PURPORT- According to some, the old name of the Tungabhadra river was Pamba. According to others, Vijaya-nagara, the capital of the state, was known as Pampatirtha. According to still others, the lake near Anagundi, in the direction of Hyderabad, is Pampa-sarovara. The river Tungabhadra also flows through there. There are many different opinions about the lake called Pampa-sarovara.

Lord Nityananda’s Traveling to the Holy Places: “Lord Nityananda next took bath in the Gomati, Gandaki, and Sona Rivers. He also climbed the top of Mahendra Mountain. There He offered obeisances to Lord Parasurama. He also visited Haridvara, the source of the Ganges. The Lord took bath in Pampa, Bhimarathi, Venva, and Vipasa Rivers.” and in Vrindavanadasa Thakur’s Sri Chaitanya Bhagavat, Adi Lila Chapter 9: “Thereafter Sri Nityananda went to Gomati and bathed in the waters of Gandaki and Sona. He climbed the Mahendra Hill where He offered obeisances to Lord Parasurama. From there He travelled to Haridvara, the source of Mother Ganga.

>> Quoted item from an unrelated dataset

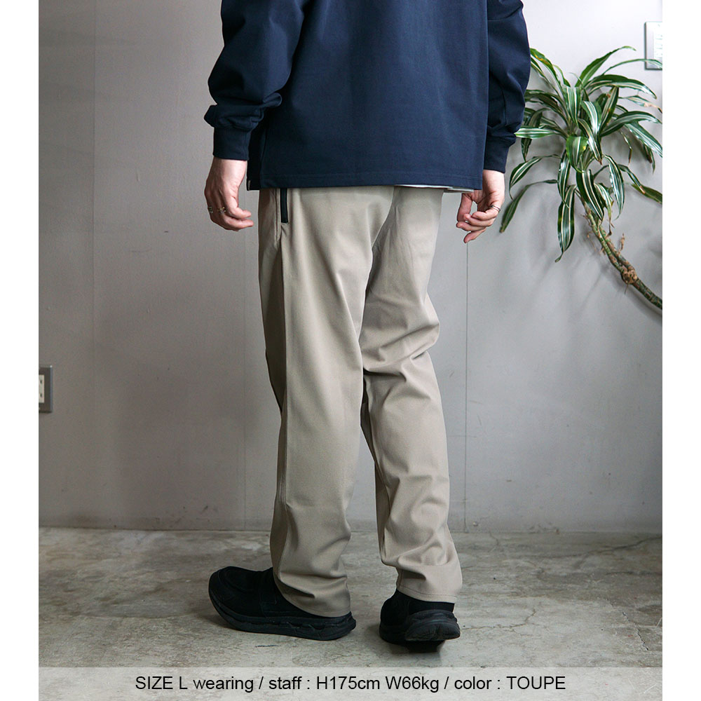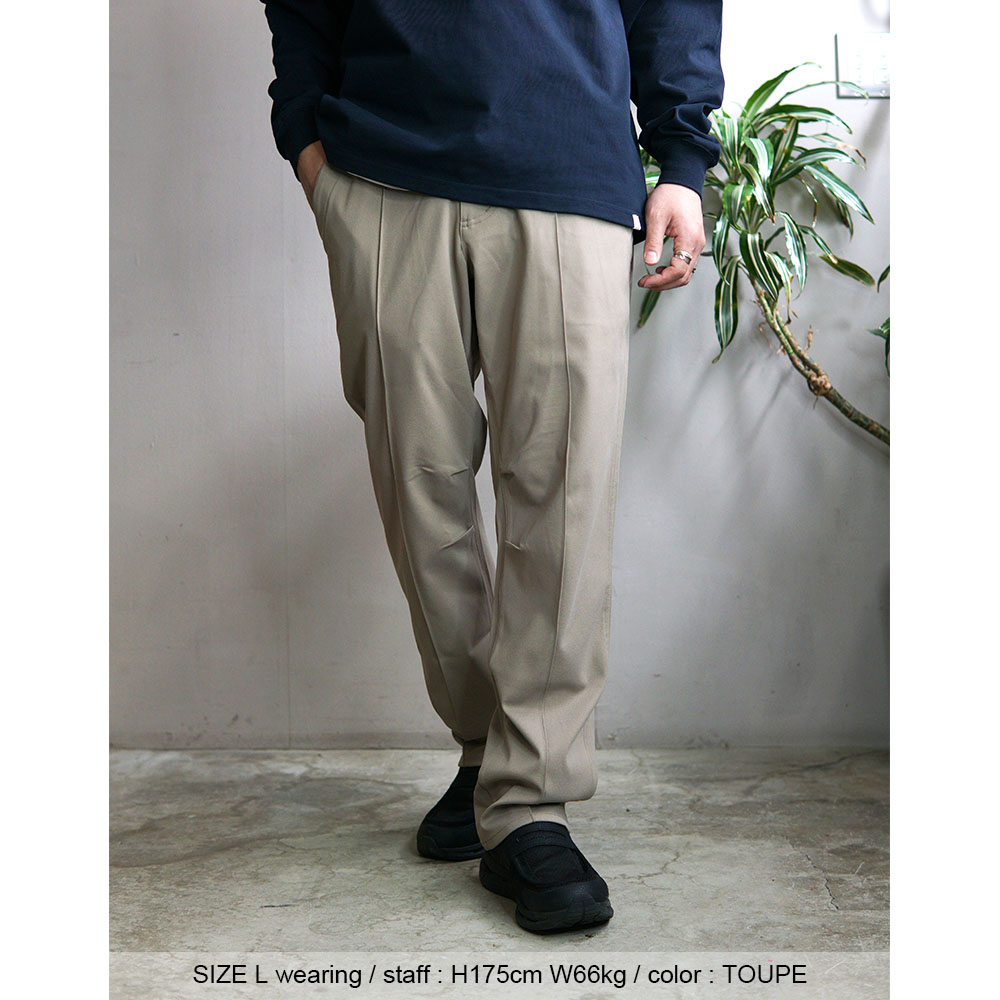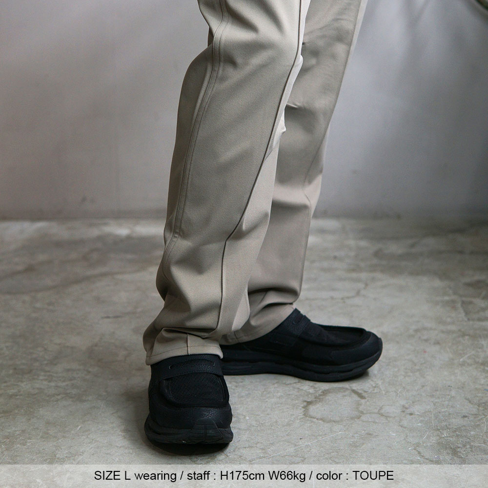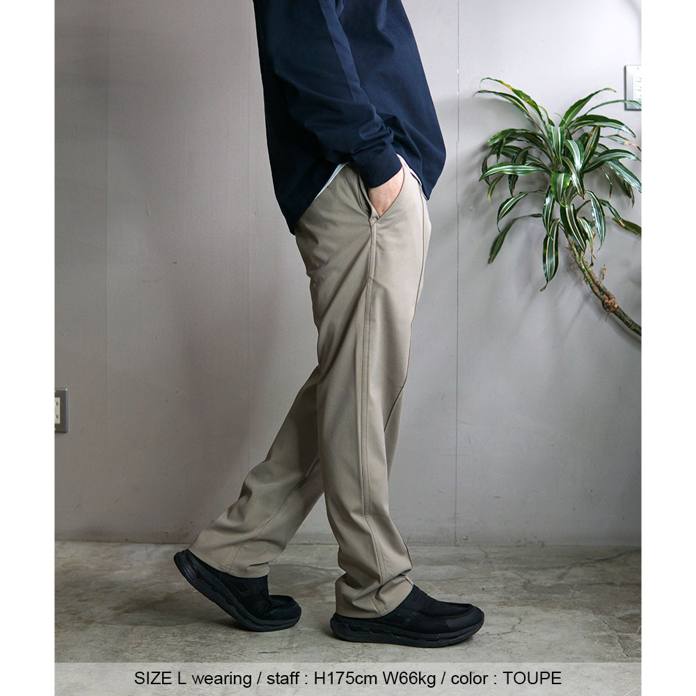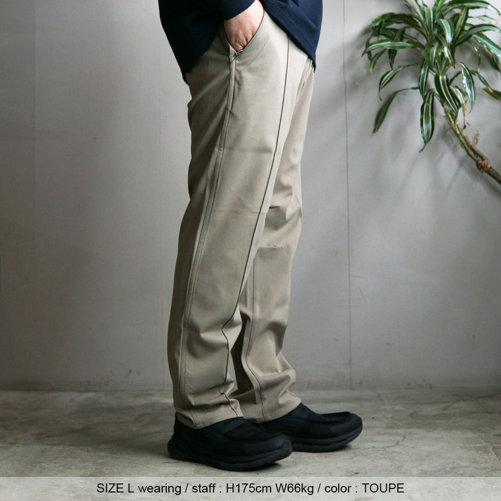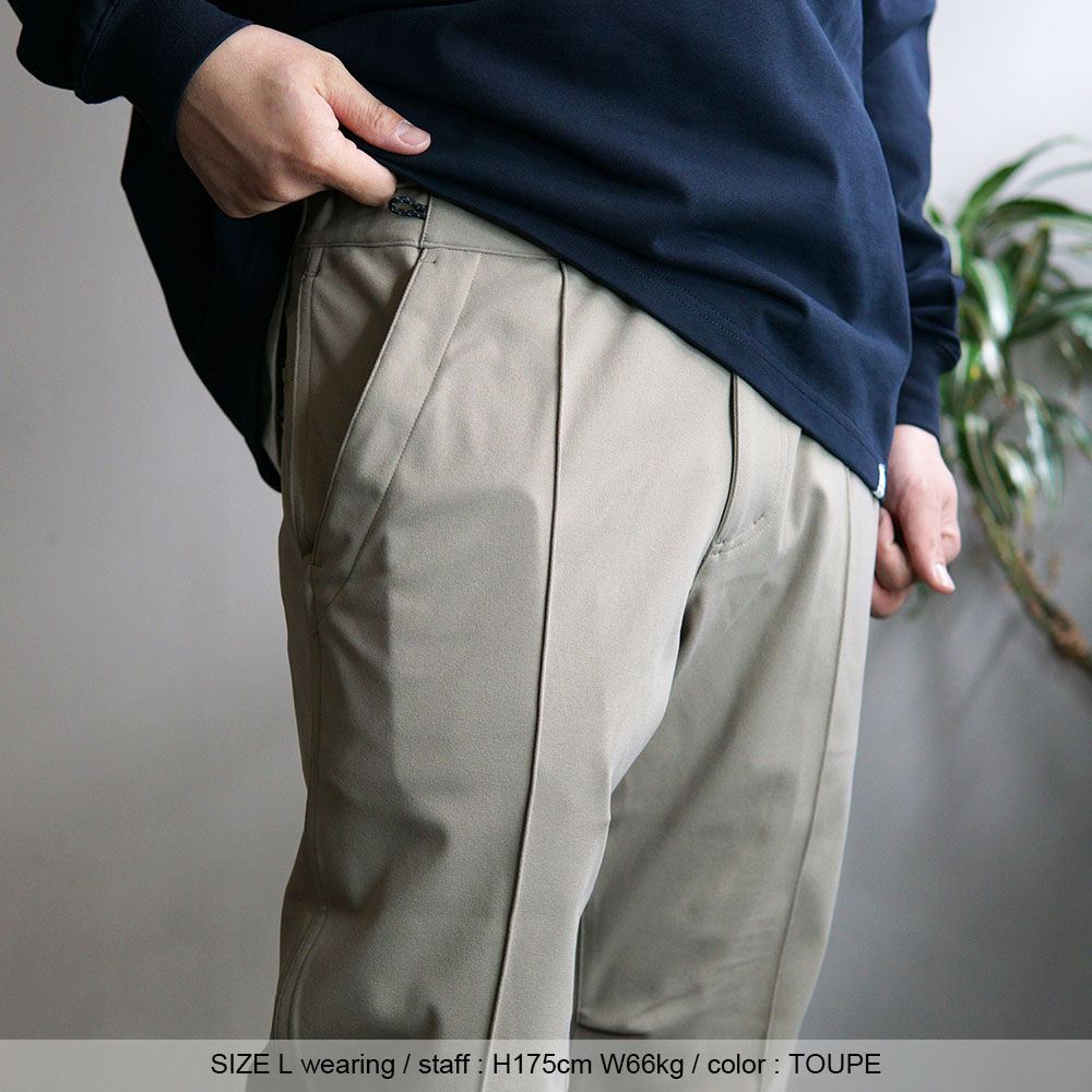 まるでスウェットパンツのようなイージーさがありつつも、 センタークリーツは縫い付けてあるためアイロン要らずで、 美しいシルエットが相まってスラックスライクなビジュアルで完成されています。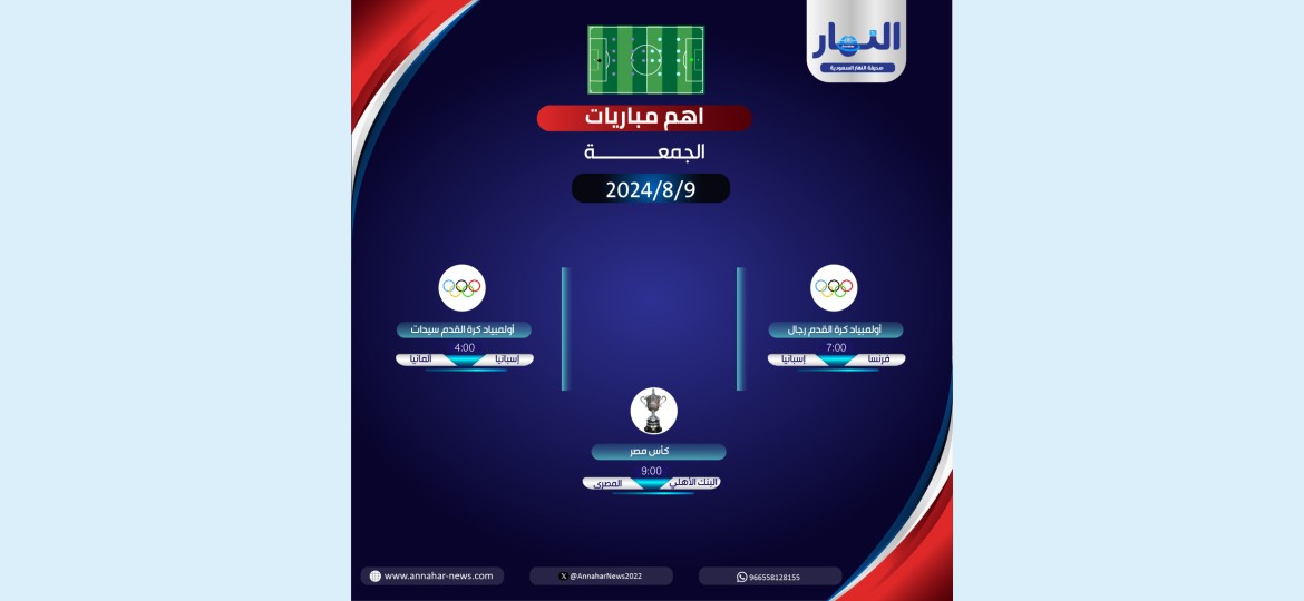 وتستعرض "صحيفة النهار السعودية" جدول مواعيد المباريات المزمع إقامتها يوم غدًا الجمعة:

He visited Pampa, Bhima, Godavari, Benva and in the Bipasa (or Vyasa) river He remained submerged in the water for a while.”

Pampa sarovar is also famous for the pushtimarg vaishnavas, where in Srimad Vallabhacahrya had performed Srimad Bhagavad in the 16th century.

Anjaneya Hill

This hill top Hanuman temple, is believed to be the birthplace of Hanuman and is located in the center of Anegundi area (original Kishkinda). You can see this hill from the Hampi side of the river as you trek along the Kampa Bhups’s (the riverside trek) Path.

At the top of the hill is the temple dedicated for Hanuman. He was born to Anjana. Thus Hanuman is also known as Anjaneya and his birthplace as Anjaneyadri (Anjaneya’s hill). On the way up there is one place called kesaritirtha, the cave where Hanuman’s father Kesari, had lived.

The deity of Hanuman is carved on the rock. Also is the small shrine for Rama and his consort Sita inside the temple.

In Anegudi is the old Raghunatha temple where worship still continues. In sanctum there is small Vishnu deity about three feet long reclining on Seshanaga. In the back of the temple on the right side is a separate shrine to Lakshmi. Not far from the temple is the Samadhi tomb of Madhvacarya’s disciple Narahari Tirtha.

Hampi Yantroddhara Anjaneya Temple

Situated right behind the Kodanda Rama Temple near the Chakrathirtha, Yantroddhara Anjaneya Temple, also known as Yantroddharaka Anjaneya Temple is one of the most sacred places in Hampi. The temple is dedicated to Lord Hanuman. The temple has a very interesting story behind its origin.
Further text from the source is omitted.